**Task description:** Repeat the listing below exactly. Pictures do not belong in the copy.

**Data excerpt:**
◆ ◆ ◆ ◆ ◆ ◆ ◆

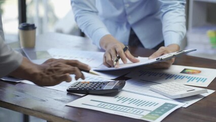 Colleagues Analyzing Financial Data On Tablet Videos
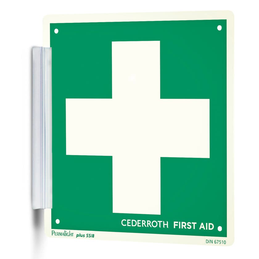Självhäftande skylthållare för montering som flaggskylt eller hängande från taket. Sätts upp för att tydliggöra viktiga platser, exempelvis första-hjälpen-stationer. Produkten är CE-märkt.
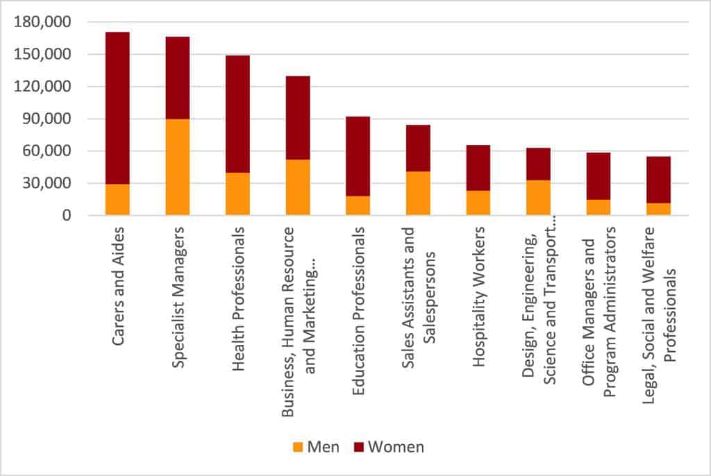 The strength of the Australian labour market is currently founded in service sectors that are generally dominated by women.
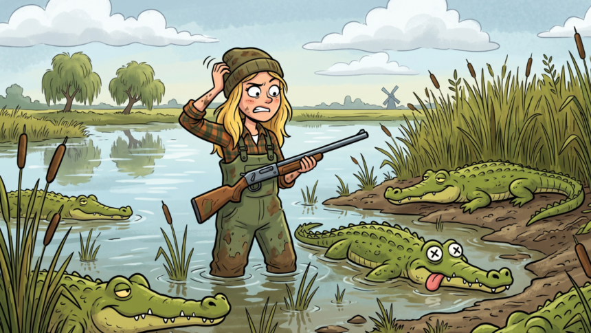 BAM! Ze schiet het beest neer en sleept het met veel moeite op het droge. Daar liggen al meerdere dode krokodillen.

◆ ◆ ◆ ◆ ◆ ◆ ◆

**Result:**
 Colleagues Analyzing Financial Data On Tablet Videos
Självhäftande skylthållare för montering som flaggskylt eller hängande från taket. Sätts upp för att tydliggöra viktiga platser, exempelvis första-hjälpen-stationer. Produkten är CE-märkt.
 The strength of the Australian labour market is currently founded in service sectors that are generally dominated by women.
 BAM! Ze schiet het beest neer en sleept het met veel moeite op het droge. Daar liggen al meerdere dode krokodillen.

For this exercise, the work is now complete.